**What the task requires**
Without copying any picture, return all lines below exactly.

**Source data**
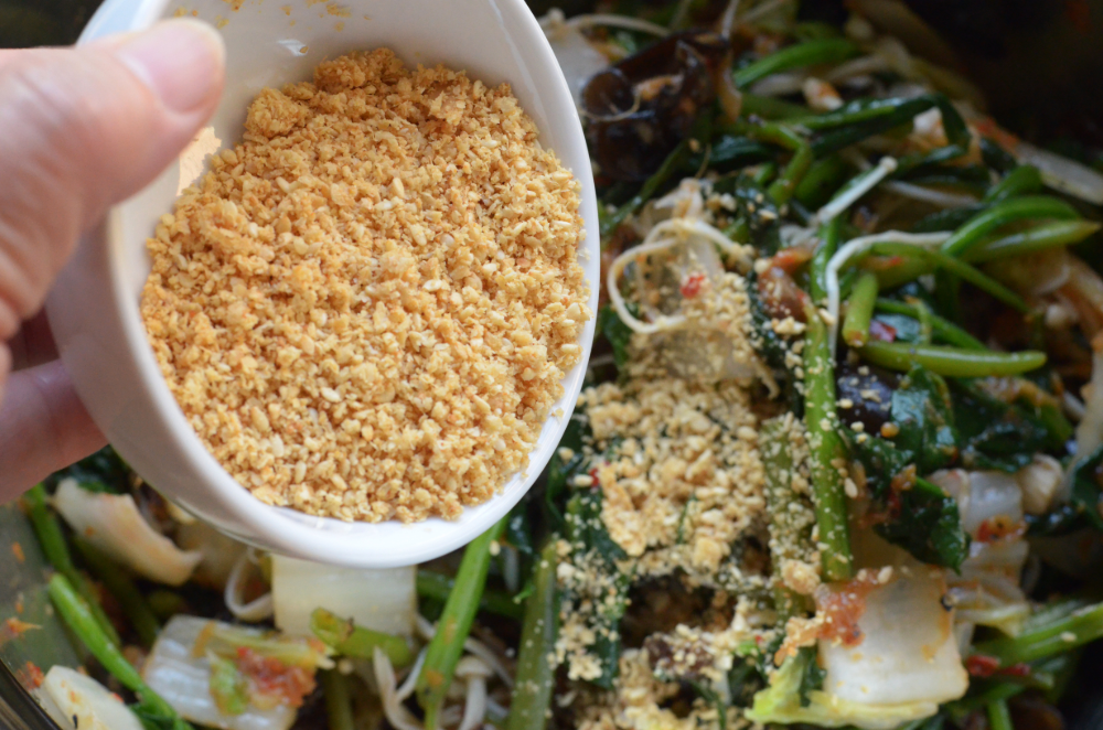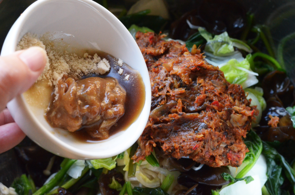 - Place all vegetables in a large bowl, add in the aromatics paste, fish sauce, padaek and chicken bullion. Mix them well until everything is evenly coated.
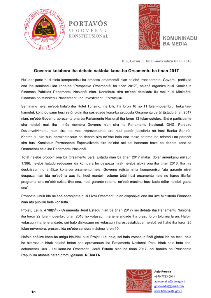 KOMUNIKADU BA MEDIA Díli, Loron 11 fulan-novembru tinan 2016 Governu kolabora iha debate nakloke kona-ba Orsamentu ba tinan 2017 Nu’udar parte husi ninia kompromisu ba prosesu orsamentál nian ne’ebé transparente, Governu partisipa ona iha semináriu ida kona-ba “Perspetiva Orsamentál ba tinan 2017”, ne’ebé organiza husi Komisaun Finansas Públikas Parlamentu Nasionál nian. Kontributu sira ne’ebé detalladu liu mai husi Ministériu Finansas no Ministériu Planeamentu no Investimentu Estratéjiku. Semináriu ne’e, ne’ebé hala’o iha Hotel Turismo, iha Dili, iha loron 10 no 11 fulan-novembru, buka tauhamutuk kontribuisaun husi setór oioin iha sosiedade kona-ba proposta Orsamentu Jerál Estadu tinan 2017 nian, ne’ebé Governu aprezenta ona ba Parlamentu Nasionál iha loron 13 fulan-outubru. Entre partisipante sira ne’ebé mai, iha mós membru Governu nian sira no Parlamentu Nasionál, ONG, Parseiru Dezenvolvimentu nian sira, no mós reprezentante sira husi podér judisiáriu no husi Banku Sentrál. Kontributu sira husi aprezentasaun no debate sira ne’ebé halo ona tenke hatama iha relatóriu no paresér sira husi Komisaun Permanente Espesializada sira ne’ebé sei sai hanesan baze ba debate kona-ba Orsamentu ne’e iha Parlamentu Nasionál. Totál ne’ebé propoin ona ba Orsamentu Jerál Estadu nian ba tinan 2017 maka dólar amerikanu millaun 1.386, ne’ebé hatudu redusaun ida kompara ho despeza hirak ne’ebé aloka ona iha tinan 2016. Iha nia deskrisaun no análize kona-ba orsamentu ne’e, Governu rejista ninia kompromisu “atu garante nivel despeza nian ida ne’ebé la aas liu, hodi mantein volume totál husi orsamentu ne’e no haree fila-fali programa sira ne’ebé eziste tiha ona, hodi garante retornu ne’ebé másimu husi kada dólar ne’ebé gasta ona”. Proposta lubuk ida ne’ebé abranjente husi Livru Orsamentu nian disponivel ona iha site Ministériu Finansas nian atu públiku bele konsulta. a Projetu Lei n. 47/III(5 ) - Orsamentu Jerál Estadu nian ba tinan 2017- sei debate iha Parlamentu Nasionál iha loron 22 fulan-novenbru tinan 2016 ho votasaun iha jeneralidade iha prazu loron tolu nia laran. Hafoin votasaun iha jeneralidade, sei halo diskusaun no votasaun iha espesialidade, ne’ebé sei hahú iha loron 25 fulan-novembru, prosesu ida ne’ebé sei dura másimu loron 10. Hafoin análize kona-ba artigu ida-idak husi Projetu Lei ne’e, sei halo votasaun finál globál ida ba testu ne’e ho alterasaun hirak ne’ebé hetan ona aprovasaun iha Parlamentu Nasionál. Pasu hirak ne’e hotu tiha, dokumentu ikus - Lei kona-ba Orsamentu Jerál Estadu nian ba tinan 2017- sei haruka ba Prezidente Repúblika atubele hetan promulgasaun. REMATA Agio Pereira +670 7723 0011 [email protected] [email protected] 1/1 www.timor-leste.gov.tl
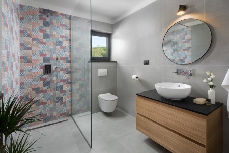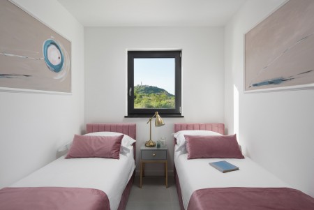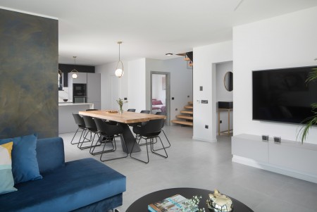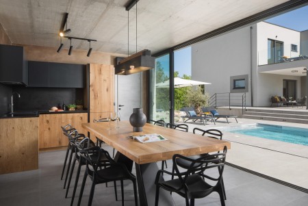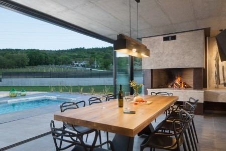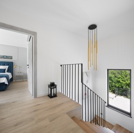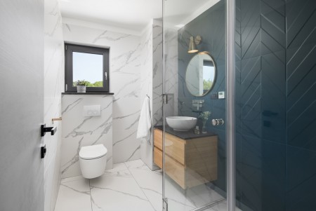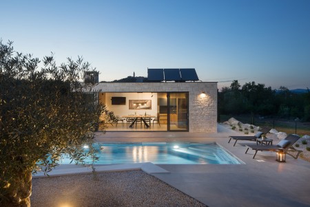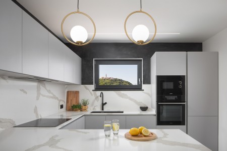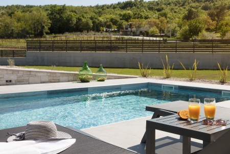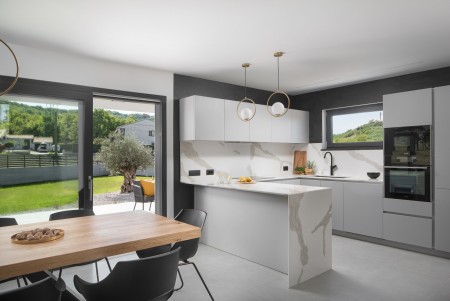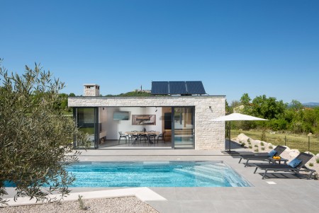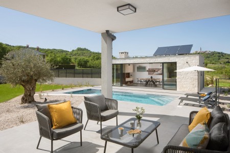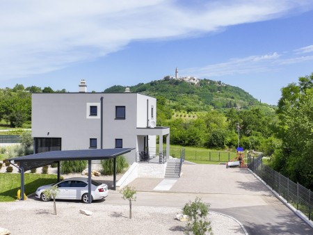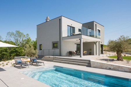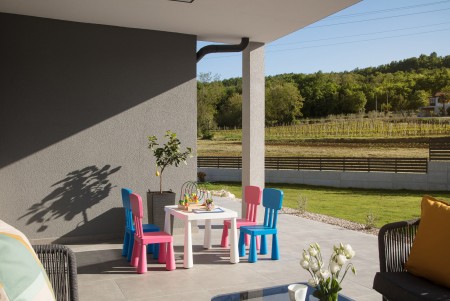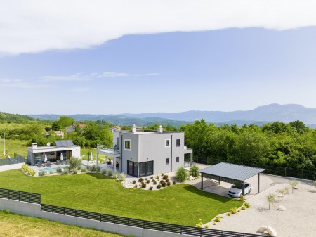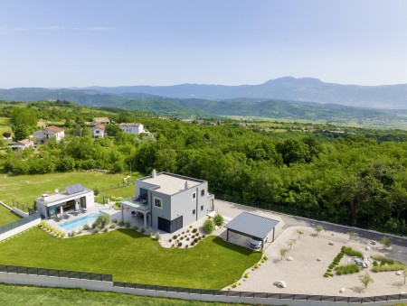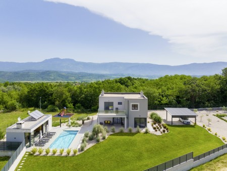 This brand-new designer villa in a desirable detached location is situated in Kukurini, a small village not far from the historic town of Pićan, to which you have an enchanting view from the property. Surrounded by a truly unique countryside with rolling green hills, gorgeous olive groves and extensive vineyards, this place is just perfect for a relaxing holiday in peaceful and private atmosphere. The villa is located on a completely fenced plot and the nearest neighbouring house is more than 200 metres away. In addition to a private swimming pool (4 x 8,5 m) with sun terrace, pool house, outdoor shower and comfortable sun loungers, a private children's playground with swing, slide, climbing frame and sandbox awaits you. The interior of the house is very modern and offers a high level of comfort with four spacious bedrooms and three bathrooms. The surrounding area is ideal for long walks and hikes through the evergreen countryside, and those who climb the mountain Učka will be rewarded with breathtaking, panoramic views of Istria. The lovely beach "Copacabana", set below the historic town of Plomin, can be reached by car within 10-15 minutes.

**Reply to the task**
 - Place all vegetables in a large bowl, add in the aromatics paste, fish sauce, padaek and chicken bullion. Mix them well until everything is evenly coated.
 KOMUNIKADU BA MEDIA Díli, Loron 11 fulan-novembru tinan 2016 Governu kolabora iha debate nakloke kona-ba Orsamentu ba tinan 2017 Nu’udar parte husi ninia kompromisu ba prosesu orsamentál nian ne’ebé transparente, Governu partisipa ona iha semináriu ida kona-ba “Perspetiva Orsamentál ba tinan 2017”, ne’ebé organiza husi Komisaun Finansas Públikas Parlamentu Nasionál nian. Kontributu sira ne’ebé detalladu liu mai husi Ministériu Finansas no Ministériu Planeamentu no Investimentu Estratéjiku. Semináriu ne’e, ne’ebé hala’o iha Hotel Turismo, iha Dili, iha loron 10 no 11 fulan-novembru, buka tauhamutuk kontribuisaun husi setór oioin iha sosiedade kona-ba proposta Orsamentu Jerál Estadu tinan 2017 nian, ne’ebé Governu aprezenta ona ba Parlamentu Nasionál iha loron 13 fulan-outubru. Entre partisipante sira ne’ebé mai, iha mós membru Governu nian sira no Parlamentu Nasionál, ONG, Parseiru Dezenvolvimentu nian sira, no mós reprezentante sira husi podér judisiáriu no husi Banku Sentrál. Kontributu sira husi aprezentasaun no debate sira ne’ebé halo ona tenke hatama iha relatóriu no paresér sira husi Komisaun Permanente Espesializada sira ne’ebé sei sai hanesan baze ba debate kona-ba Orsamentu ne’e iha Parlamentu Nasionál. Totál ne’ebé propoin ona ba Orsamentu Jerál Estadu nian ba tinan 2017 maka dólar amerikanu millaun 1.386, ne’ebé hatudu redusaun ida kompara ho despeza hirak ne’ebé aloka ona iha tinan 2016. Iha nia deskrisaun no análize kona-ba orsamentu ne’e, Governu rejista ninia kompromisu “atu garante nivel despeza nian ida ne’ebé la aas liu, hodi mantein volume totál husi orsamentu ne’e no haree fila-fali programa sira ne’ebé eziste tiha ona, hodi garante retornu ne’ebé másimu husi kada dólar ne’ebé gasta ona”. Proposta lubuk ida ne’ebé abranjente husi Livru Orsamentu nian disponivel ona iha site Ministériu Finansas nian atu públiku bele konsulta. a Projetu Lei n. 47/III(5 ) - Orsamentu Jerál Estadu nian ba tinan 2017- sei debate iha Parlamentu Nasionál iha loron 22 fulan-novenbru tinan 2016 ho votasaun iha jeneralidade iha prazu loron tolu nia laran. Hafoin votasaun iha jeneralidade, sei halo diskusaun no votasaun iha espesialidade, ne’ebé sei hahú iha loron 25 fulan-novembru, prosesu ida ne’ebé sei dura másimu loron 10. Hafoin análize kona-ba artigu ida-idak husi Projetu Lei ne’e, sei halo votasaun finál globál ida ba testu ne’e ho alterasaun hirak ne’ebé hetan ona aprovasaun iha Parlamentu Nasionál. Pasu hirak ne’e hotu tiha, dokumentu ikus - Lei kona-ba Orsamentu Jerál Estadu nian ba tinan 2017- sei haruka ba Prezidente Repúblika atubele hetan promulgasaun. REMATA Agio Pereira +670 7723 0011 [email protected] [email protected] 1/1 www.timor-leste.gov.tl
 This brand-new designer villa in a desirable detached location is situated in Kukurini, a small village not far from the historic town of Pićan, to which you have an enchanting view from the property. Surrounded by a truly unique countryside with rolling green hills, gorgeous olive groves and extensive vineyards, this place is just perfect for a relaxing holiday in peaceful and private atmosphere. The villa is located on a completely fenced plot and the nearest neighbouring house is more than 200 metres away. In addition to a private swimming pool (4 x 8,5 m) with sun terrace, pool house, outdoor shower and comfortable sun loungers, a private children's playground with swing, slide, climbing frame and sandbox awaits you. The interior of the house is very modern and offers a high level of comfort with four spacious bedrooms and three bathrooms. The surrounding area is ideal for long walks and hikes through the evergreen countryside, and those who climb the mountain Učka will be rewarded with breathtaking, panoramic views of Istria. The lovely beach "Copacabana", set below the historic town of Plomin, can be reached by car within 10-15 minutes.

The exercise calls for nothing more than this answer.